FT Interactive Data delivered another year of double-digit
growth and, through its acquisition of TFSM and subsequent
merger with DBC, is now able to develop a much wider range of
Internet delivered products to every sector of the global money
management community. At FT Business, we have now sold the
loss-making newsletters and management operations, enabling us
to focus on market leading positions in specialist energy and
finance titles and research products.
Recoletos increased underlying sales by 7%. Profits increased
by 13% to £34m. In addition to the strong performance of
Expansion, profits were boosted by a 20% increase in
advertising revenues at Marca, Europe's leading sports
newspaper. It retained its strong leadership of the Spanish
sports newspaper market and transformed its website, marca.es,
into Spain's leading sports portal. El Mundo, the leading
Spanish daily newspaper in which Recoletos owns a 30% stake,
increased circulation and advertising revenues and built its
own online presence. Its success means Recoletos owns, or has a
stake in, three of Spain's ten most popular websites.
The profits contribution from Associates reflects our share of
the start up costs of Financial Times Deutschland. The
Economist Group, in which we have a 50% stake, had another
record year, with The Economist newspaper increasing average
weekly circulation by 4% to 723,000. Across the group, it
continued to focus on developing its global media brands and
increase investment in the electronic delivery of its products
and services. Business Day and Financial Mail, the South
African finance and business publisher, in which we also own a
50% stake, grew advertising revenues to record levels.
PEARSON TELEVISION
£m Year to Year to %
31 Dec 1999 31 Dec change
1998
Sales 355 343 +3%
Operating profit / (loss)
Pearson TV 74 71 +4%
Channel 5 (7) (14) +50%
BSkyB 1 4
===============
68 61 +11%
In 1999, Pearson Television increased sales by 3%. Profits
increased by 11% to £68m, boosted by the strong growth of our
joint venture with the broadcaster, CLT-UFA, in Germany and
lower start up losses from
Channel 5.
Our serial dramas delivered big peak time audiences across
Europe and new productions from our library of game show
formats proved a big hit worldwide. Our game shows won new
audiences in Spain, Portugal, Mexico, Germany, Finland and
Poland and the new version of Family Feud was the highest rated
new game show in syndication in the US. And our programmes are
finding big on-line audiences. The online version of Family
Feud is proving to be a big draw for Uproar.com, the online
entertainment site, in which we own an 8% stake. Uproar.com is
generating 106 million page views from 3.6 million unique
monthly users with visitors spending an average of 17 minutes
per day on the site.
We increased investment in new shows and formats, focusing on
situation comedies and television animation, and made a number
of acquisitions that strengthened our local television
production businesses. Our share of Channel 5's start up
losses, after amortisation and start up costs, fell to £7m from
£14m in the previous year. Channel 5 was the only UK
terrestrial channel to increase its overall audience share,
achieving an average all-channel viewing share among adults of
5.3%. In February 2000, we increased our Channel 5 stake from
24% to 29%, reflecting our satisfaction in its performance to
date, and our confidence in its future.
PENGUIN
£m Year to Year to %
31 Dec 1999 31 Dec 1998 change
Sales 565 523 +8%
Operating profit 65 48 +35%
Penguin's underlying sales increased by 5% with underlying
profits up by 23%. Our success was built on the back of
increased investment in new and established best-selling
authors, a concerted campaign to maximise the value of our ever
popular back-list titles and sustained efforts to put the
supply side of our business on a stronger commercial footing.

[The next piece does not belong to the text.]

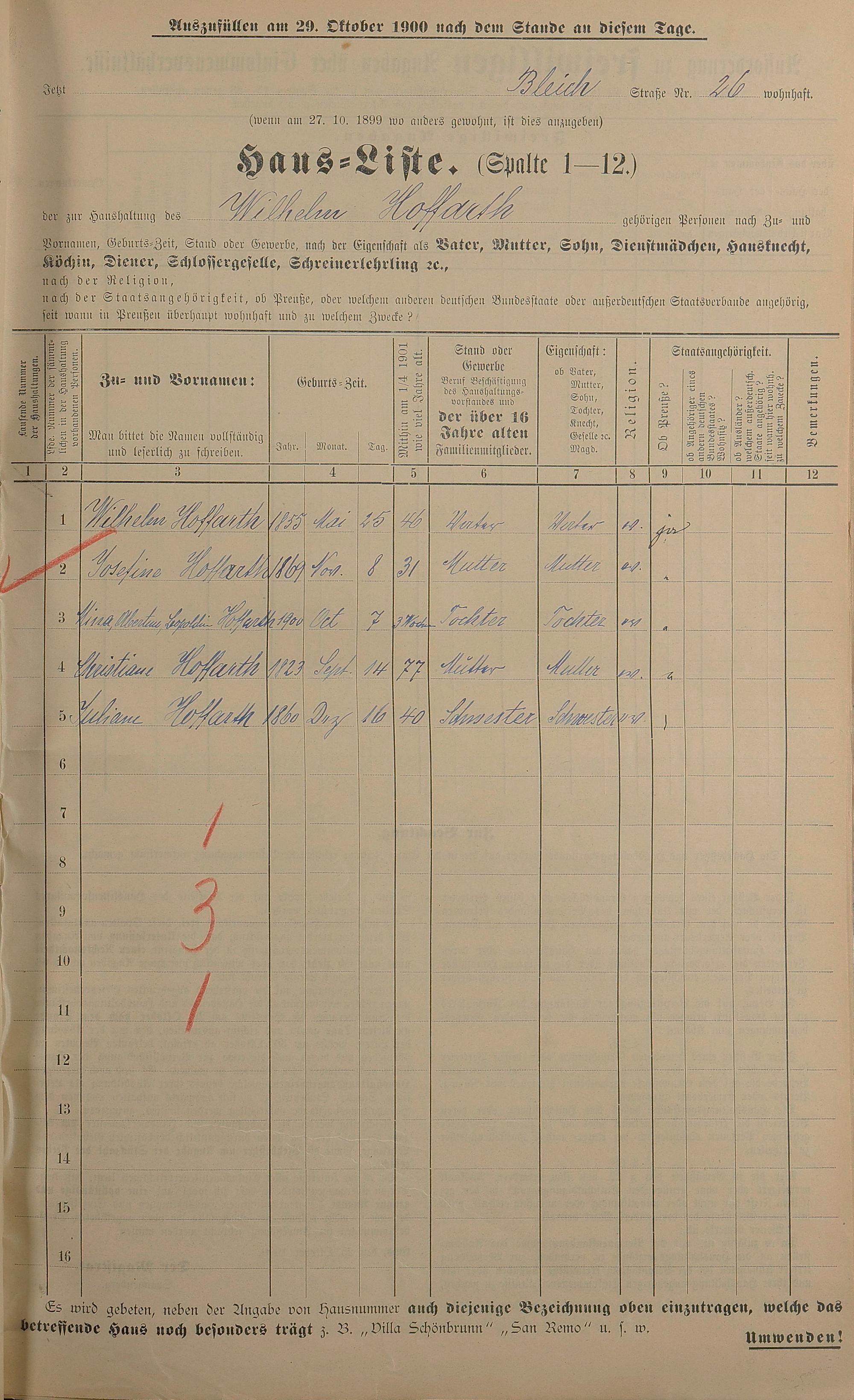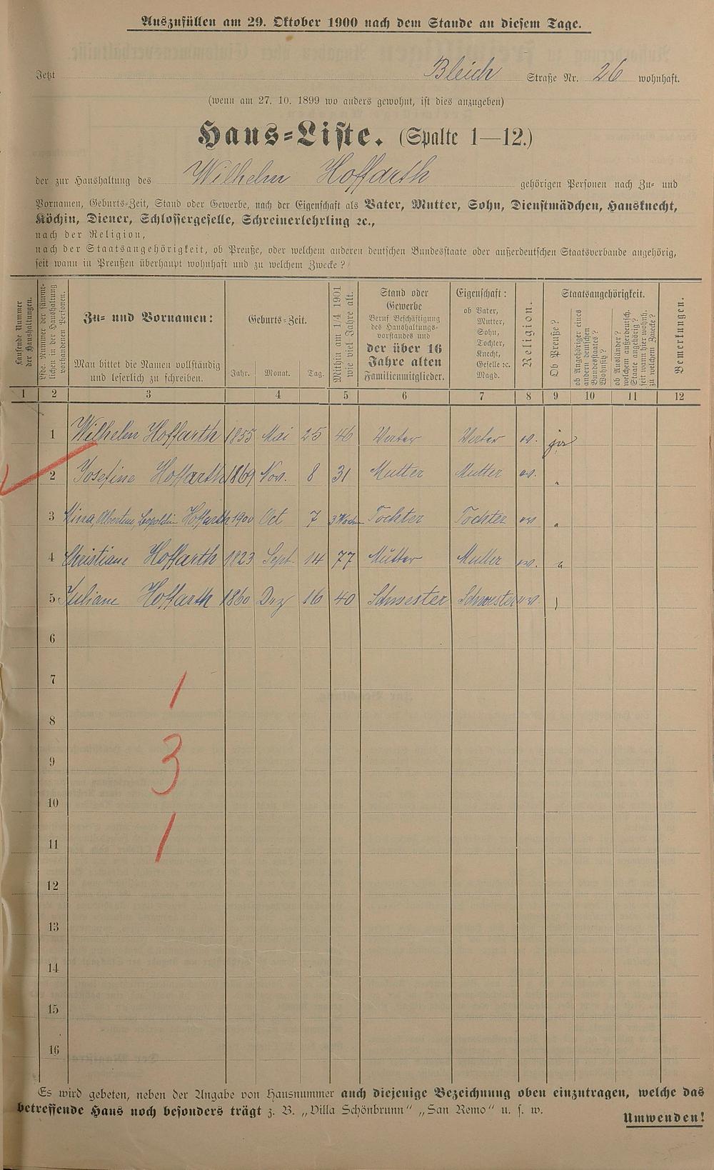 Personenstandsaufnahme zur Klassensteuerrolle für 1901

Increased investment in building a stronger list of top authors
was rewarded with Penguin Putnam titles spending a record 262
weeks on the New York Times bestseller lists. In the UK, we
nearly doubled our number of books in The Guardian Top 100
Bestsellers of 1999, taking the largest share of the Christmas
market. We expanded Penguin's global reach, acquiring world
publishing rights to a growing family of bestselling authors.
We continued to capitalise on the potential of television and
movie tie-ins in all territories. In the UK we invested in the
Penguin brand, with a highly successful marketing campaign and
in the US the acquisition of Avery Publishing allowed us to
move into a market-leading position in the burgeoning
healthcare and nutrition market, with strong on-line potential.

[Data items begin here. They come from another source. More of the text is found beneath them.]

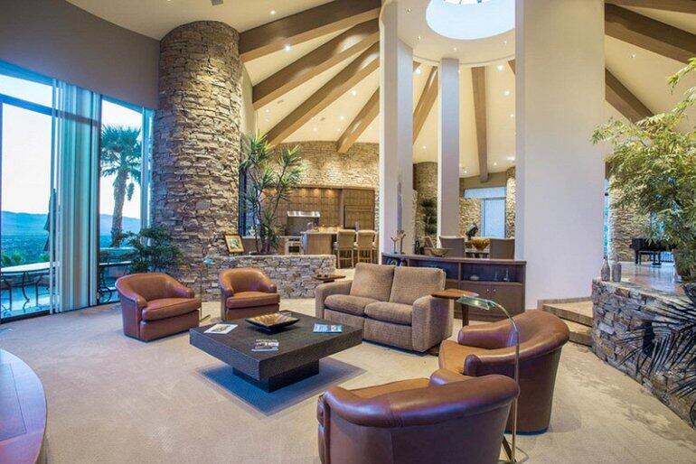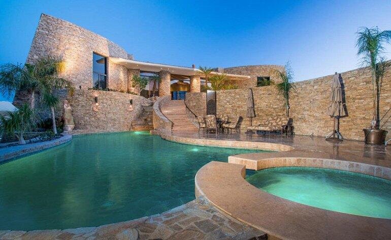 Этот необычный дом расположен на исторической и известной Саутридж-Драйв в Палм-Спрингс, рядом с жилищами знаменитостей. Взгроможденный на холме и открывающий невероятный вид La Piedra был полностью отремонтирован в 2005 году. Теперь он гарантирует полную безопасность и приватность своего владельца. На его строительство потребовалось 7 лет, и 700 тонн удивительного обработанного вручную Кварцевого камня из Айдахо. Это довело общую стоимость проекта до такой значительной суммы.![]()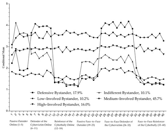 First, the results of the LCA showed that there were five potential patterns of cyberbullying bystanders among college students: defensive bystander (17.9%), indifferent bystander (10.1%), low-involved bystander (10.2%), medium-involved bystander (45.7%), and high-involved bystanders (16.0%). Overall, there were significant differences in the scores and trends of the different roles of cyberbullying bystanders, indicating the heterogeneity in this group. Among the five classes, there were four bystander groups with a high involvement, with the low-involved bystander class being the exception. The total proportion of the four groups was 89.8%, which shows that cyberbullying bystanders are common among college students in China.
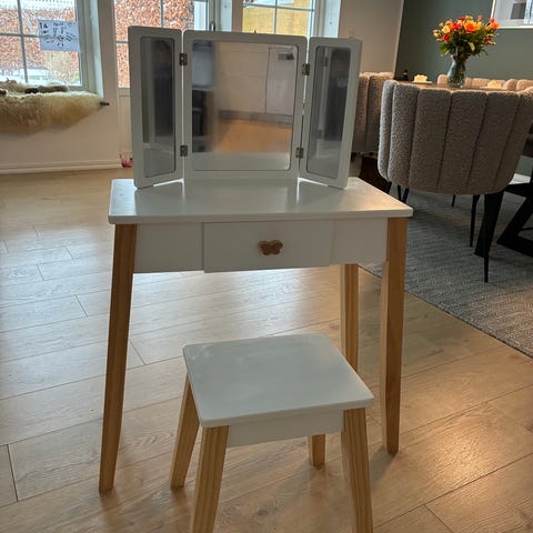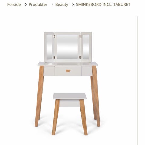 Designet i nordisk stil og med spejle så man kan sidde og gøre sig fin. Sminkebordet har skuffe til hårnips, pynt og tilbehør, og er fremstillet i MDF og bøgetræ, m. spejl i akryl, så det er mere sikkert for børn. Måler bord: 58 x 30 x 61 cm - Inkl. spejl H: 86 cm. Taburet 30 x 24 x 34 cm.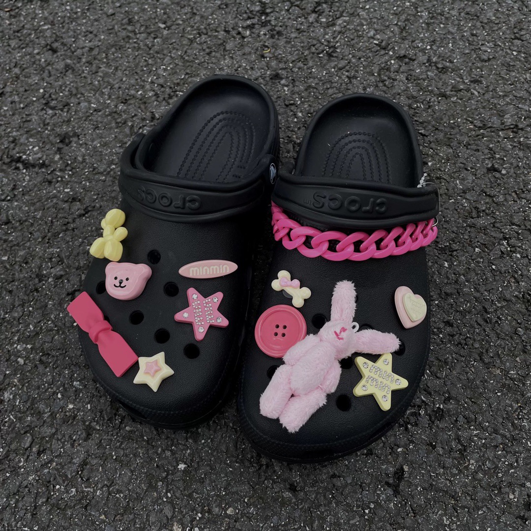 小紅書ドーパミン青系五角星熊アクセサリー洞靴セットdiy靴花卸売り

We expanded the online and cross media potential of our
stories, titles and imprints through out the world. Penguin is
forming numerous internet alliances and is building online
communities around our Classics and Rough Guides websites.

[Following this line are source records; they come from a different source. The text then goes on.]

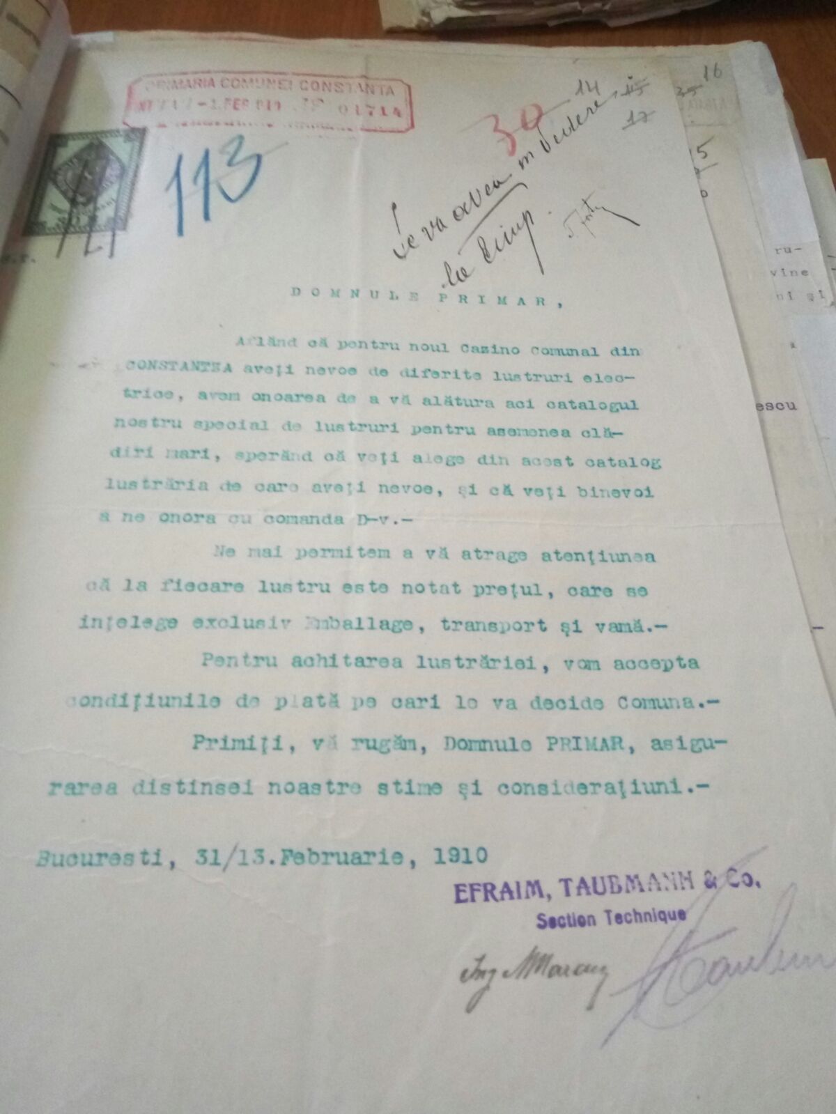 Fragmentul apare în Studiul Istoric Cazinoul Comunal Constanța scris de istoricul Cezara Mucenic.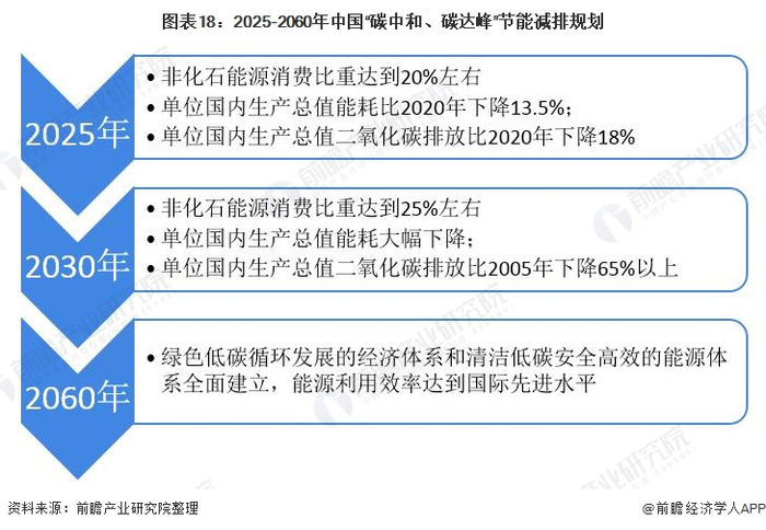 据我国“碳中和、碳达峰”节能减排规划——《关于完整准确全面贯彻新发展理念做好碳达峰碳中和工作的意见》和《2030年前碳达峰行动方案》,到2025年,绿色低碳循环发展的经济体系初步形成,重点行业能源利用效率大幅提升。单位国内生产总值能耗比2020年下降13.5%;单位国内生产总值二氧化碳排放比2020年下降18%。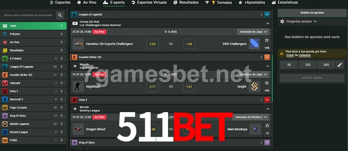 O 511bet oferece uma grande seleção de opções de apostas em e-sports com probabilidades competitivas
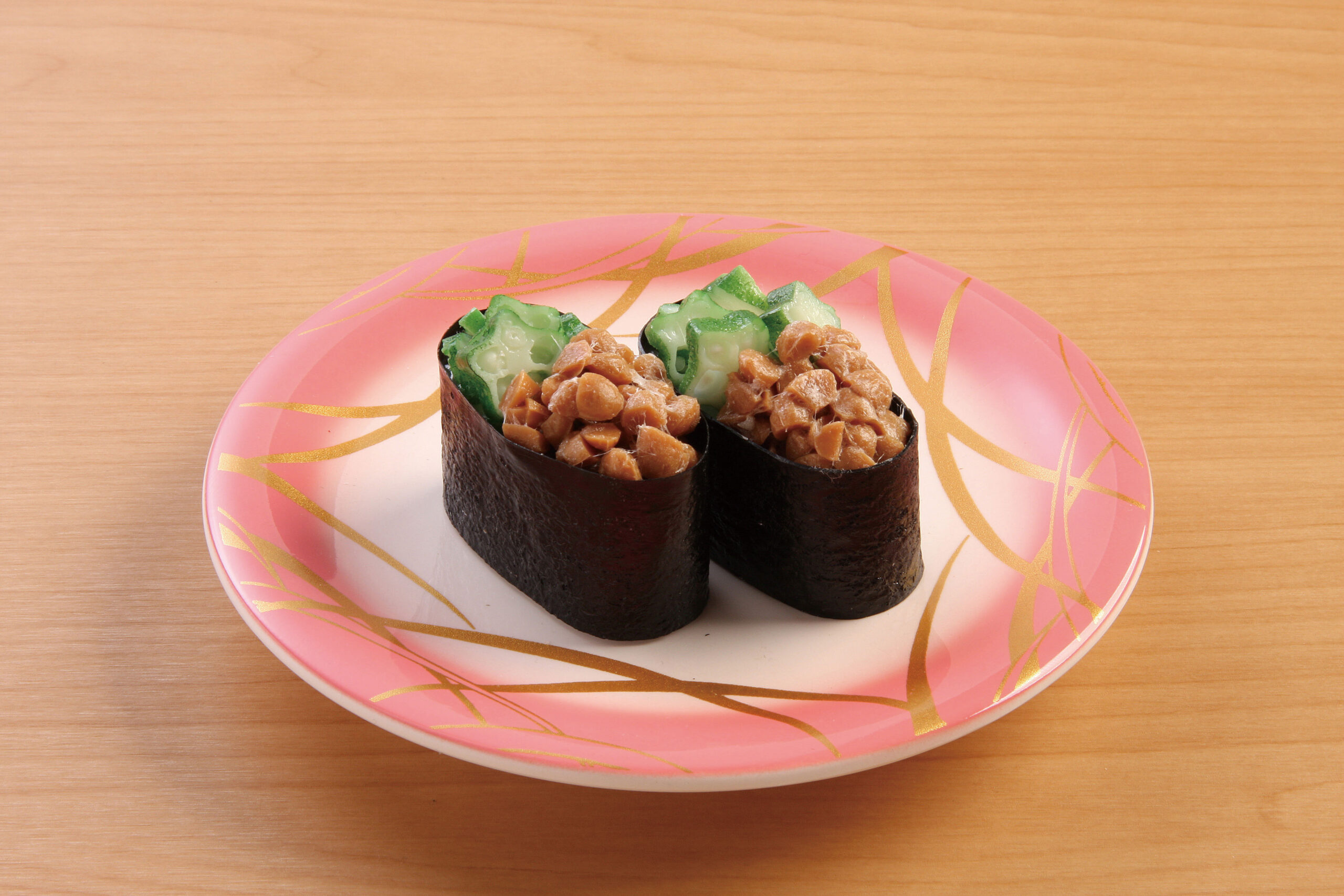 Set of 2 hyper-realistic Natto Gunkan replicas, featuring detailed fermented soybean topping, fresh cucumber garnish, and realistic nori wrap. A premium, maintenance-free display solution for authentic Japanese menu presentations.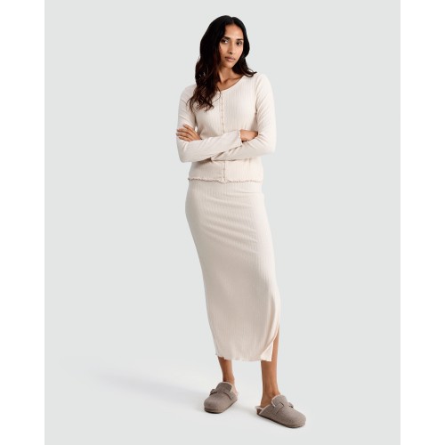 Rise by Zara McDermott Ribbed Midi Skirt in Stone

Our worldwide internet sales doubled during the year and now
account for over 5% of total sales in the US. We were the
first major publisher to release a new title in electronic
format ahead of its hard copy launch. Additionally, we are now
employing printing on demand technology for select backlist
titles.
There are several projects currently being developed with
Pearson Television including children's animation and Penguin
has linked up with Pearson Education to develop a global
Penguin branded educational programme - known as Penguin
Readers. And we continued to improve the economics of our
business, with the rationalisation of our US warehousing and
distribution systems, and the successful integration of
Ladybird in the UK, both helping to improve margins.
LAZARD
£m Year to Year to %
31 Dec 1999 31 Dec 1998 change
Attributable profit 48 42 +14%
Income from the three Lazards houses was a record £48m. The
sale of our stake in the three houses, announced last June, was
completed on Friday 3rd March.
OUTLOOK
All our business operations have made a strong start to the
year and are in good shape to deliver further growth in
revenues and margins. We continue to step up our investment in
developing the Internet enterprises that will secure Pearson's
longer term growth.
Consolidated Profit and Loss Account
For the year ended 31 December 1999
Operating Other Operating Other
Activities items Total activities items Total
Note £m £m £m £m £m £m
_____________________________________________________________________________
Sales
Continuing operations 3,304 - 3,304 2,251 - 2,251
Acquisitions 28 - 28 - - -
_____________________________________________________________________________
3,332 - 3,332 2,251 - 2,251
Discontinued operations - - - 144 - 144
_____________________________________________________________________________
Total sales 2 3,332 - 3,332 2,395 - 2,395
Cost of sales (1,414) (10) (1,424) (1,127) (49) (1,176)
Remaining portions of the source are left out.